FFFF is not really a rational dynamic marking for any instrument, but for the love of all that is holy why would you put it in a tuba part.
This is the best band post
Everyone else go home
Oh man, so I play trombone, and we got this piece called Florentiner Marsch by Julius Fucik, and we saw this
which is 8 fortes. We were shocked until,
that is 24 fortes who the fuck does that
Who does that?
This guy. Take a good look – that is the moustache of a man with nothing to lose.
Julius IdontgivaFucik
More like Julius Fuckit
Pyrozod’s tags for this were too hilarious not to share
I haven’t been in band for years but this made me laugh so hard
I haven’t seen this post in ages and I’m dying of laughter
I didn’t think it could get better after The Foghorn Tuba Story, but it did. It got better. Bless you, MusicTumblr.
as far as I can translate it, the German notes at the octuple forte mean something roughly like “You want the instrument to cough… this is not for wimps”
this man was a menace
Yeah I need to join another brass band
Getting Tuba feels.
When I was in high school I played the flute and piccolo. One day the director hands out a new song to us, and I was the ONLY piccolo player. For those not familiar with this particular instrument: google it. It sounds like a banshee but worse. I wore EARPLUGS because of this.

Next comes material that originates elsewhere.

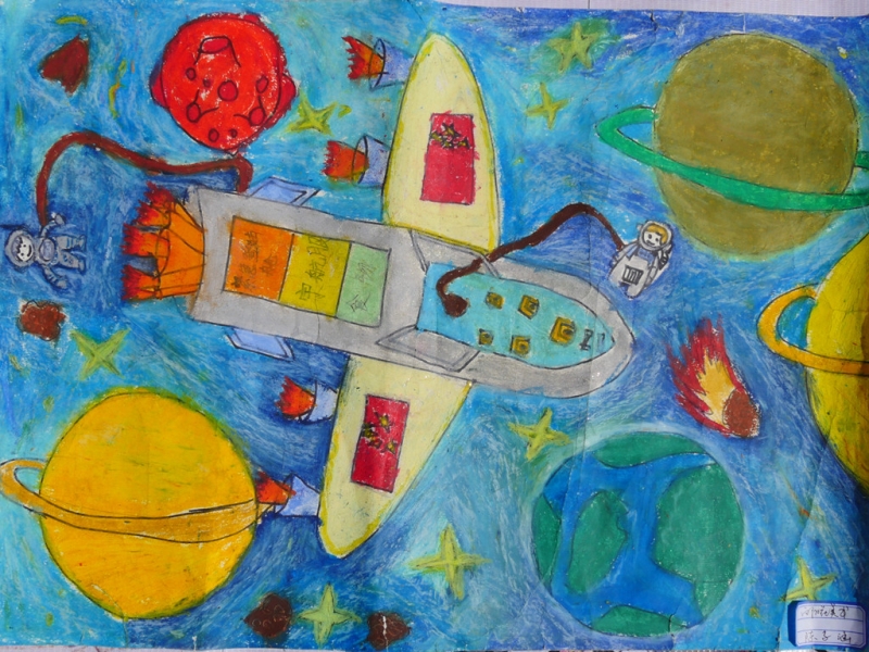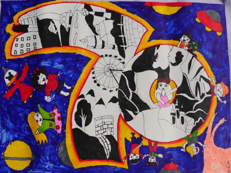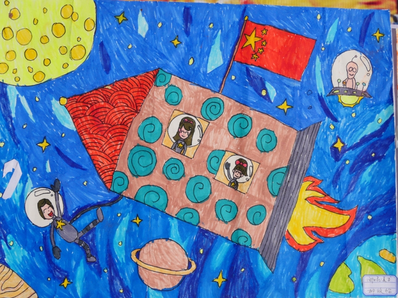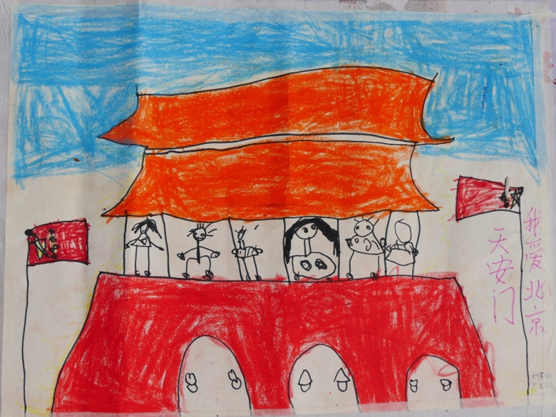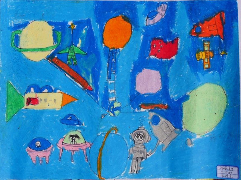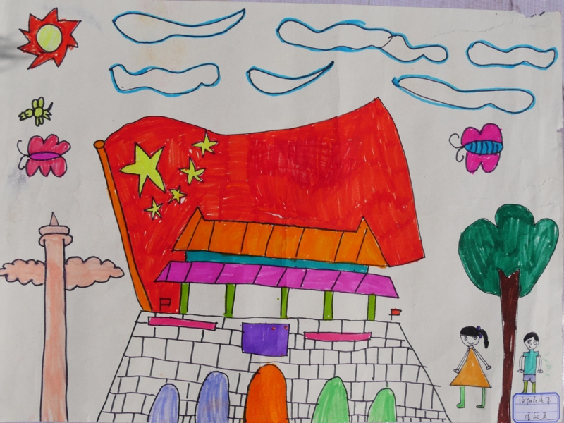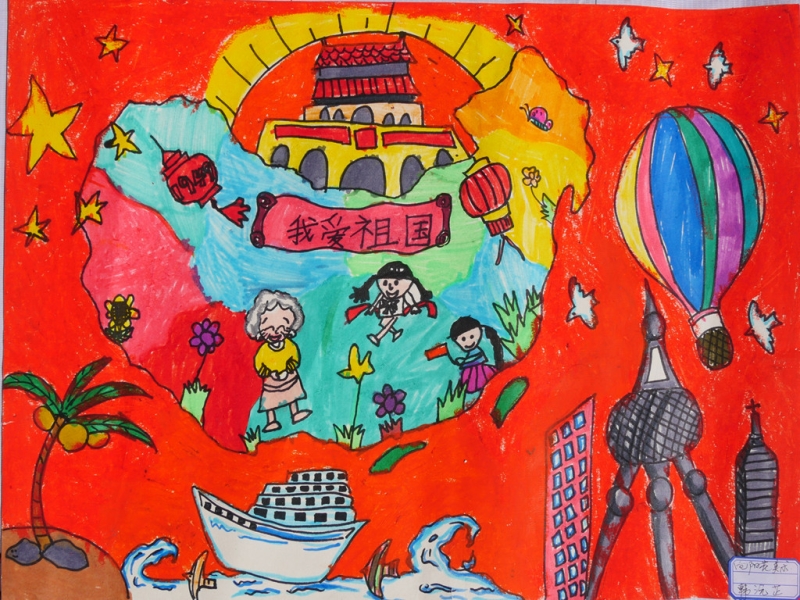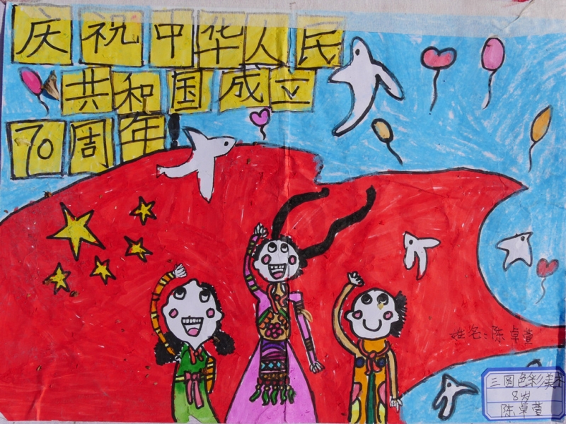 其他绘画作品,除了直接表达庆祝国庆的画作,还有京剧人物、中国梦等内容的画作,想象丰富,并明显具有少儿特点。

The sheet I was given at 10 Fs. TEN!!! I must have had a strange look on my face because a flute player asked if I’m okay. So I pointed at the section with the Fs. She proceeded to tear a tissue apart and stuff the pieces in her ears, all the while with this shit eating grin on her face.
When we get to this particular part of the song I decide to just go with it. The composer must have been evil or deaf, maybe both, but the sound that came out of my piccolo isn’t something meant for humans to hear. It made EVERYONE in the room stop playing, a few dropping of them looking like they’re in pain (which they likely were). The director asks me “what the hell was that?” So I handed him the sheet and pointed out there are several sections with this absurd requirement.
The flute player who had stuffed the tissues in her ears was laughing really hard.